Не знаю, что и думать, может, эти дети принадлежат уже какой-то иной цивилизации? Неужели инопланетяне?
Мегаполис
Был в Москве. Люблю я этот город. В нем никому нет до тебя дела, и тебе тоже, есть дело только до самого себя. Вокруг тебя все движется, причем одновременно и во все стороны. Множество народу, пробегающего мимо, задевающего, отталкивающего и не извиняющегося при этом. Все верно, в большой семье, как говорится, «не стой под стрелой».
Выходим из гипермегасупермаркета, раздавившего меня, провинциала, громадьем своих этажей. Идем к машине. Дочь возмущается, ну вот, еще и автостоянку умудрились превратить в овощной рынок. Что делать? Москва хочет есть, а ест она много. Только со стоянки из-за арбузов выезжать действительно трудновато.
Останавливаемся возле автомобиля, дочка укладывает авоськи в багажник, матушка сторожит перманентно в любую сторону готовую сорваться Алису. Я стою рядом и держу в одной руке пакет, а другой прижимаю к себе мою маленькую восьмимесячную Полинку-Пылинку, время от времени целуя ее в макушку.
Вижу женщину, наверно, одних со мной лет, одета она очень просто, в руках привычные авоськи.

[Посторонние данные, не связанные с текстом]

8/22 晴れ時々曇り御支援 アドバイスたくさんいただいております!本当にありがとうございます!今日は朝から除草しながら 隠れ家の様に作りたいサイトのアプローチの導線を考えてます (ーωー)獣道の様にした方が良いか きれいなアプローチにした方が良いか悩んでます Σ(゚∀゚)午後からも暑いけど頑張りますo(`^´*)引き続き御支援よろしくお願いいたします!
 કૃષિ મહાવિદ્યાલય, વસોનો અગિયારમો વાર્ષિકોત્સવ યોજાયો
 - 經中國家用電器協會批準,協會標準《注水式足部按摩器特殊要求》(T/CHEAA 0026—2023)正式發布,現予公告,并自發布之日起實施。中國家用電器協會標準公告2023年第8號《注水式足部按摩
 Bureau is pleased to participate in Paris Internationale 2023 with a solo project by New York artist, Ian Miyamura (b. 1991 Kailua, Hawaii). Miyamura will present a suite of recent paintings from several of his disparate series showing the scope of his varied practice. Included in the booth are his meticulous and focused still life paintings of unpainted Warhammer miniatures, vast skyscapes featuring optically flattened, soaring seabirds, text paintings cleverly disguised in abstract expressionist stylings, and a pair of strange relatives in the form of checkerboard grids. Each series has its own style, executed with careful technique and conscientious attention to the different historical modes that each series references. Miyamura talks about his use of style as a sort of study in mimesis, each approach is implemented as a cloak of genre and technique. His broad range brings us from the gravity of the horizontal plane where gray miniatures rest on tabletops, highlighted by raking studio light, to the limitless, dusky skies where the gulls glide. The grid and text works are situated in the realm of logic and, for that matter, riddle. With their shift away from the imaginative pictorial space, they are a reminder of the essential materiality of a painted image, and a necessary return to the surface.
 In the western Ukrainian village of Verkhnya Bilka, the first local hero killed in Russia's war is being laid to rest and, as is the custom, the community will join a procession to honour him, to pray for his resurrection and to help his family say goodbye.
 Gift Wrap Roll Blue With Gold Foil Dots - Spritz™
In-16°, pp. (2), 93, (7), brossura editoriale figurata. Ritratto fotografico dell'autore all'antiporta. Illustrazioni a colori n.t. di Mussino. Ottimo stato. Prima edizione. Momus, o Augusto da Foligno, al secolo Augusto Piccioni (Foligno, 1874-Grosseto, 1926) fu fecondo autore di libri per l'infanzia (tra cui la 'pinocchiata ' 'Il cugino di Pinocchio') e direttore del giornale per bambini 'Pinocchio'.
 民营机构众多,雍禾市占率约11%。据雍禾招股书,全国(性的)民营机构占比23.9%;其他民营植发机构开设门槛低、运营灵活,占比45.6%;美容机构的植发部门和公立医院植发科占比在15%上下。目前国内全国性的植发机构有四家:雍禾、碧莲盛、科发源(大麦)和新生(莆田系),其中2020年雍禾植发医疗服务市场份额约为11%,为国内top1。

Проходит мимо и смотрит на меня. Поравнявшись, улыбается и понимающе кивает в сторону Полинки:
– Самая сладкая?
– Ага, – только и нашелся что ответить.
Сегодня вернулся домой и подумал: за эти дни передо мной промелькнуло множество людей, а я не запомнил ни одного лица, вообще ни одного, ни одного автомобиля, может, два или три здания, не больше. Кроме этой улыбнувшейся мне женщины. Ее лицо, ее глаза, улыбка и слова, попавшие в самую точку.
Постижение истины
Две мои красавицы первый раз в своей жизни наряжают елку. Алиса, как старшая, ей два с половиной года, вешает на елку шары, подготовленные мамой. Младшая Полина, ей ровно год, пока старшая сестра вешает новый шар, старательно снимает предыдущий.
Снимает и подает Алисе. Алиса без всяких признаков раздражения берет у младшей снятый шар и снова цепляет его на елку, а Полинкауже пыхтит, снимая предыдущий. И так до изнеможения.
И знаете, я с ними солидарен. Опытным путем подтверждается вечная истина: в нашей жизни результат ничто, главное – сам процесс.
К закону Ньютона
Вчера днем подошел к окну и увидел играющего во дворе мальчика, ровесника моей Полинки. Два месяца назад ему сделали операцию на сердце. Мы всем приходом молились, чтобы операция прошла благополучно. А потом еще целый месяц после, когда температура из-за возникшего осложнения никак не хотела возвращаться к норме. Малыш уверенно бежал к песочнице, мама за ним едва поспевала.
Я порадовался и попросил:
– Благослови, Господи, это дитя, – и через стекло перекрестил.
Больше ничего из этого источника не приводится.